Beyond the water pollution, the mines have destroyed and degraded large areas of trout habitat, from smaller creeks entirely covered by waste rock dumps to rivers running through treeless moonscapes. Because they can’t detect selenium pollution, trout have travelled into settling ponds and other areas at the mines that are even more polluted than the Fording River, putting themselves in even greater danger.
While we don’t know the exact combination of factors that led to this tragic trout population collapse (and we may never know), it’s not a stretch to say that it almost certainly has something to do with the coal mines. That’s why we were disappointed to hear Teck telling the public that maybe it was climate change, predation or natural causes that caused the collapse.

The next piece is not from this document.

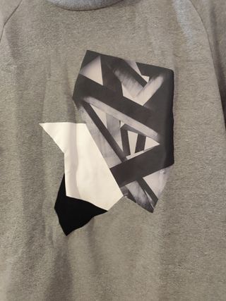Sudadera con capucha y cuello tipo chimenea de H&M en color gris vigoré (marengo). Tiene un diseño frontal geométrico y moderno en colores blanco y negro. Lo más destacado es su cuello alto ajustable con cordones, que le da un toque diferente y más abrigado que una sudadera convencional. El corte de las mangas es tipo ranglán, lo que permite una mayor libertad de movimiento y un ajuste más cómodo en los hombros. Marca: H&M Estado: Muy bueno, bien cuidada. Talla: S (ver foto de la etiqueta para medidas internacionales). Tejido: Tacto suave, ideal para otoño/invierno. Detalles: Puños y cintura elásticos en punto de canalé.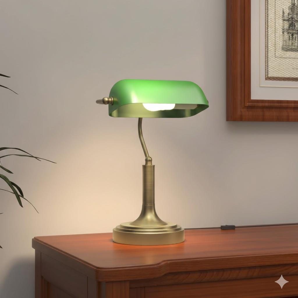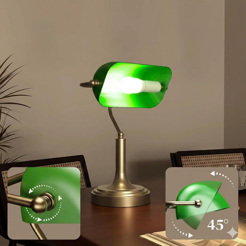 Kortom, dit is een zeer veelzijdige en functionele lamp met een spectaculair vintage design in bankiersstijl dat zeker de aandacht zal trekken. Het ideale model voor uw bureau of kantoor. Aarzel niet langer en voeg een vleugje elegantie toe aan uw werkplek.

“We don’t know what factors contributed to that (the decline),” Teck said to a Canadian Press reporter. It’s time for Teck to be honest and take responsibility for what’s happening downstream of their mines.
Who will protect our fish?
But what’s even more important is for the BC Government to start taking their responsibility to protect our clean water and fish in the Elk Valley seriously. The water pollution problem has been known for decades and the province first set up a task force to study the problem in 1999. Since then, water pollution levels have gone up by a whole lot. While Teck is building a couple water treatment plants that will treat a small portion of the contaminated water, we’re still no closer to a real long-term solution that will stop water pollution at the source. Any plan that relies on someone to keep operating more than a dozen water treatment plants for a thousand years isn’t a plan at all—it’s a delay tactic to keep coal extraction going and leave the public to clean up the mess later.
It has become clear that the Elk Valley Water Quality Plan, now six years old, isn’t working. The plan puts far too much control of the health of the entire Elk Valley watershed and Koocanusa in Teck’s hands—and they’ve shown they can’t be trusted with our clean water and fish.
Right now, Teck is talking about their newest major expansion, a large area called Castle, right along the most polluted stretch of the upper Fording River. They plan to submit their plans for provincial environmental assessment this year1, with decades of mining and another big jump in the long-term water pollution level in the Fording River on the line. It would be crazy for BC to allow Teck to add more pollution in the upper Fording after this disaster, but Teck tends to get what they want from the BC Government.
We’ve reached a turning point in the Elk Valley. After this fish population collapse, will our BC Government wake up and stop letting Teck further add to a toxic legacy that no one has any idea how to clean up? Or is this merely a sign of things to come downstream in the Elk River and Koocanusa as more mining is approved with no long term plan?